Member of the Rajasthan Legislative Assembly
- In office 1977–2003
- Preceded by: Girdhari Lal Bhargava
- Succeeded by: Surendra Pareek
- Constituency: Hawa Mahal

Cabinet Minister, Government of Rajasthan
- In office 8 February 1978 – 16 February 1980
- Chief Minister: Bhairon Singh Shekhawat
- Ministries and Departments: Education; Minority Affairs; Language and Library; Urban & Housing Development; Self-governance Unit;
- In office 4 March 1990 – 14 December 1992
- Chief Minister: Bhairon Singh Shekhawat
- Ministries and Departments: Sports Department; Self-governance Unit; Urban & Housing Development; Public Health Engineering;
- In office 11 December 1993 – 30 November 1998
- Chief Minister: Bhairon Singh Shekhawat
- Ministries and Departments: Youth Affairs and Sports; Ground Water Department; Public Health Engineering; Urban & Housing Development; Self-governance Unit;

President, Bharatiya Janata Party, Rajasthan
- In office 1986–1987
- Preceded by: Hari Shankar Bhabhra
- Succeeded by: Lalit Kishore Chaturvedi
- In office 1989–1990
- Preceded by: Lalit Kishore Chaturvedi
- Succeeded by: Ramdas Agarwal

Personal details
- Born: 22 November 1924 Jaipur, Rajasthan, British India
- Died: 29 May 2020 (aged 95) Jaipur, Rajasthan, India
- Party: Bharatiya Janata Party
- Spouse: Premkanta
- Children: 3 sons and 2 daughters
- Parent: Nand Kishore Sharma (father);
- Education: B.A., LL.B
- Alma mater: S.S.G. Pareek College, Jaipur
- Profession: Politician

= Bhanwar Lal Sharma (politician) =

Indian politician (1924–2020)

Bhanwar Lal Sharma (22 November 1924 – 29 May 2020) was an Indian politician and senior leader of the Bharatiya Janata Party (BJP) in Rajasthan. He was a six-time elected Member of the Rajasthan Legislative Assembly from the Hawa Mahal constituency in Jaipur and held several cabinet portfolios in the Government of Rajasthan under Chief Minister Bhairon Singh Shekhawat.

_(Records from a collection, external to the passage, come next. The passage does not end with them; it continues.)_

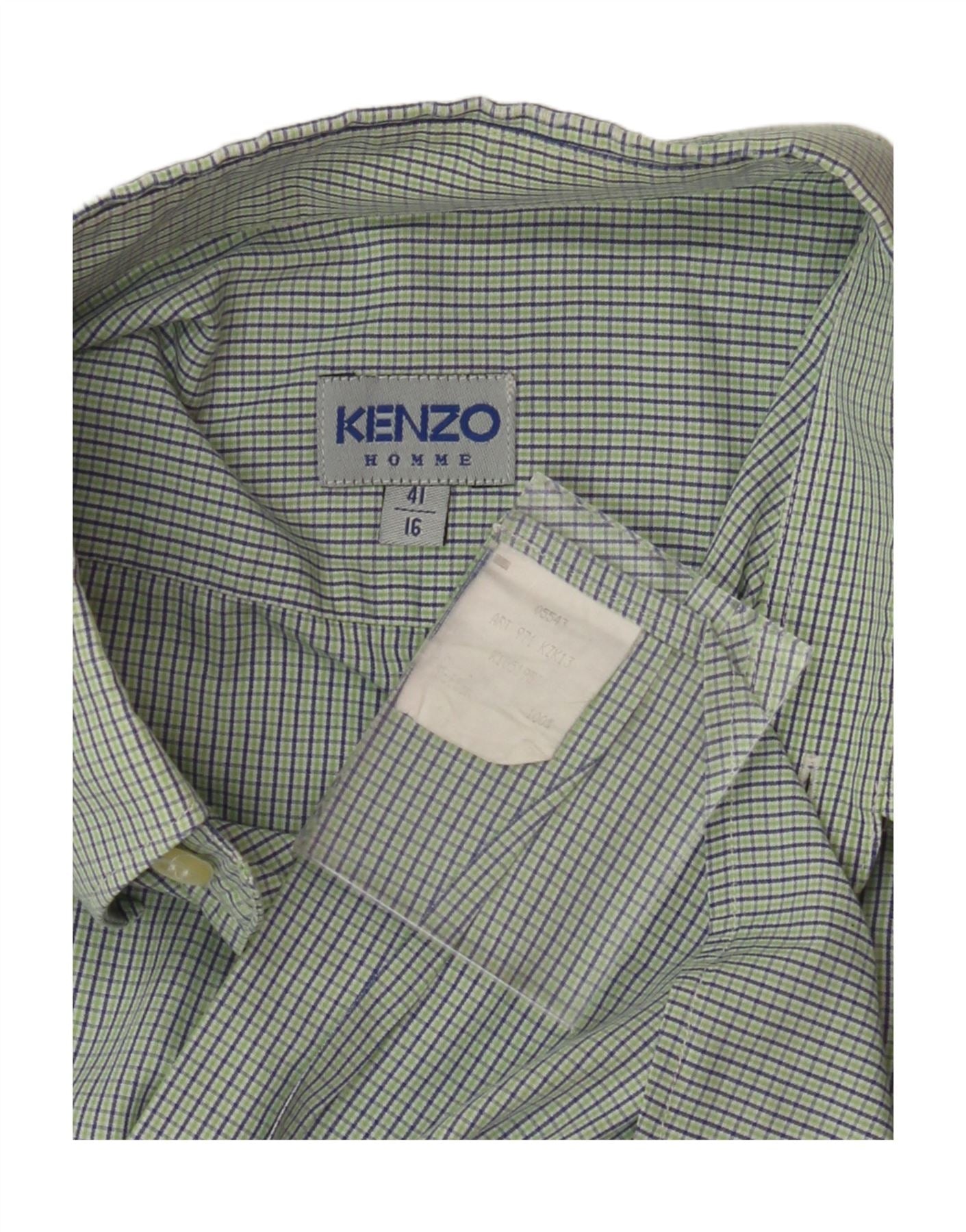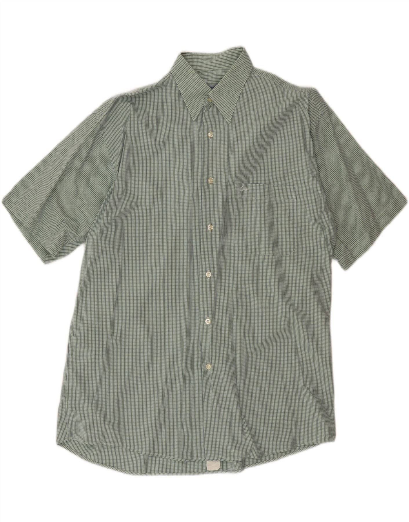KENZO Mens Short Sleeve Shirt Size 41/16 Large Green Check Cotton
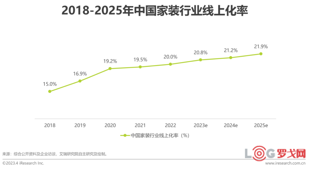 2022年,中國家裝行業的市場規模約為3萬億元,2020年受疫情影響,家裝行業增速開始出現放緩趨勢,但隨著供需兩端雙向驅動以及政策助力,家裝行業未來仍存在較大發展空間。同時,隨著我國互聯網滲透率的不斷提高,家裝行業的線上化水平也隨之持續提升,2022年,中國家裝行業線上化率為20.0%,預計到2025年將接近22%,說明我國家裝行業的線上化消費仍存在一定增長潛力。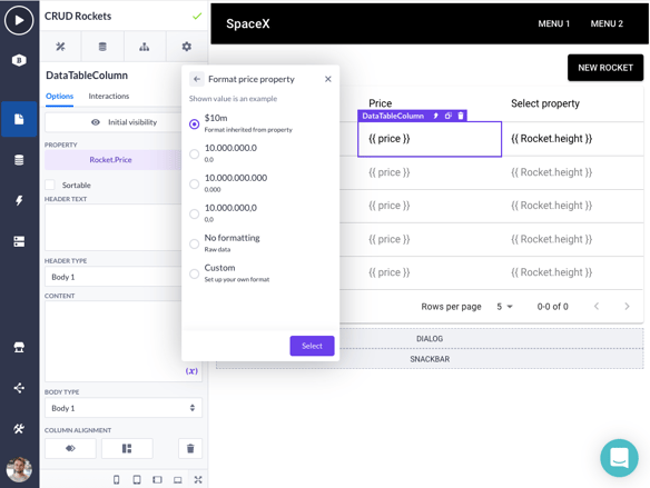 - You are now able to use formatting on date and number properties. The format can be defined on property level and overwritten on component level. Check it out: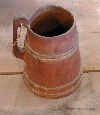 Wooden tankard constructed similarly to a barrel. The tankard is straight-sided, tapering inward from the base to the top. It is constructed of straight wooden slats, and there are four wooden rings nailed to the slats around the outside. A wooden handle is nailed to one side and spans from the mid-point to the top.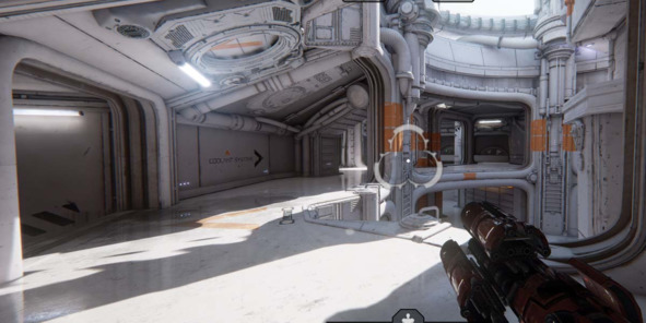 За примером обратимся к уровням из Unreal Tournament 4 (2015, Epic Games), где вся сложная детализация убрана за пределы фокуса сражения. Трубы, решетки и механизмы размещены значительно выше геймплейного пространства.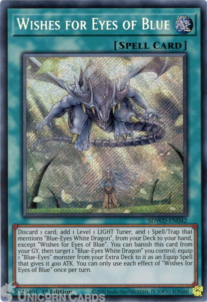 - SDWD-EN042 Wishes for Eyes of Blue : Secret Rare 1st Edition Mint YuGiOh Card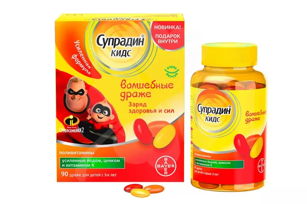 Супрадин Кидс Волшебные драже способствуют повышению выносливости благодаря усиленному содержанию биотина, витаминов Е и К, которые укрепляют мышцы и кости ребенка.
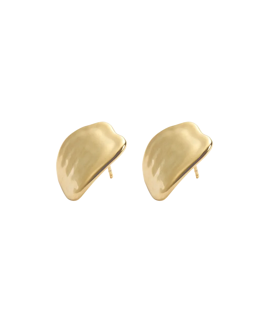 Capturing the beauty of morning light dancing on the ocean surface. The Dawn Oversized Studs have an organic, square-like shape and soft, undulating texture. With reflective surfaces that play with light, these bold studs are designed to make an impact.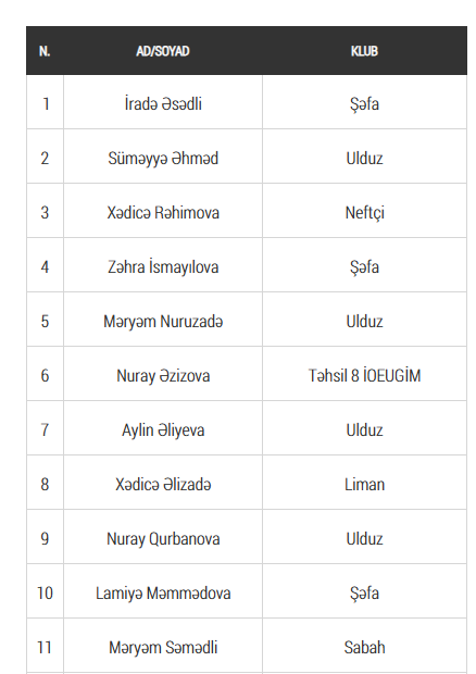 16 yaşadək qızlardan ibarət Azərbaycan milli komandası aprelin 30-da Bakıda təlim-məşq toplanışına başlayacaq.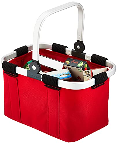 reisenthel Einkaufskorb „carrybag mini“ rot, gefüllt – Maße des Einkaufskorbes (L x B x H): 25 x 17,5 x 16,5 cm – Design original by reisenthel – strapazierfähiges Polyestergewebe – leichtes Eigengewicht angesichts den Aluminiumrahmen – gute Haltbarkeit angesichts Seitenverstärkungen – umklappbarer Bügel 21 Zubehörschachteln des Einkaufskorbes: Brot (Roggenbrot), Brötchen (Frühstücksbrötchen), Müsli (Müsli Fitness Power), Kaffee, Käse (Emmentaler Käse), Gebäck (Kaffeegebäck), Eis, Herzkuchen, Weingummi, Fischfilet (Kabeljaufilet), Hähnchen (Hähnchenschlegel), Gulasch (Gulasch via Gnocci), Würstchen (Würstchen via Pommes), Piccolino, Trattoria (Pizza Gesäß und Pilze), Mehl (Weizenmehl), Zucker (Würfelzucker), Tropentrank, Gartengemüse, Hundefutter und Porlan (Waschmittel Porlan) – Angemessen statt Kinder ab 3 Jahren

He served as the President of the BJP’s Rajasthan unit three times and played a key role in strengthening the party organization during the 1980s and 1990s.

==Political career==
Bhanwar Lal Sharma began his political career during the Janata Party era and was first elected to the Rajasthan Legislative Assembly in 1977. He went on to represent the Hawa Mahal constituency for six consecutive terms until 2003.

He was considered a close aide of Bhairon Singh Shekhawat and served in key ministerial roles during Shekhawat's tenure as Chief Minister. Sharma handled important departments such as Education, Urban Development, Self-Governance, Public Health Engineering, and Sports across different terms between 1978 and 1998.

As a senior organizational leader in the BJP, Sharma served as the President of BJP Rajasthan in 1986–87, again in 1989–90, and once more briefly in the early 1990s.

His long tenure and organizational leadership earned him recognition as a seasoned political strategist within the party, particularly in Jaipur and central Rajasthan.

==Death==
Bhanwar Lal Sharma died on 29 May 2020 in Jaipur at the age of 95.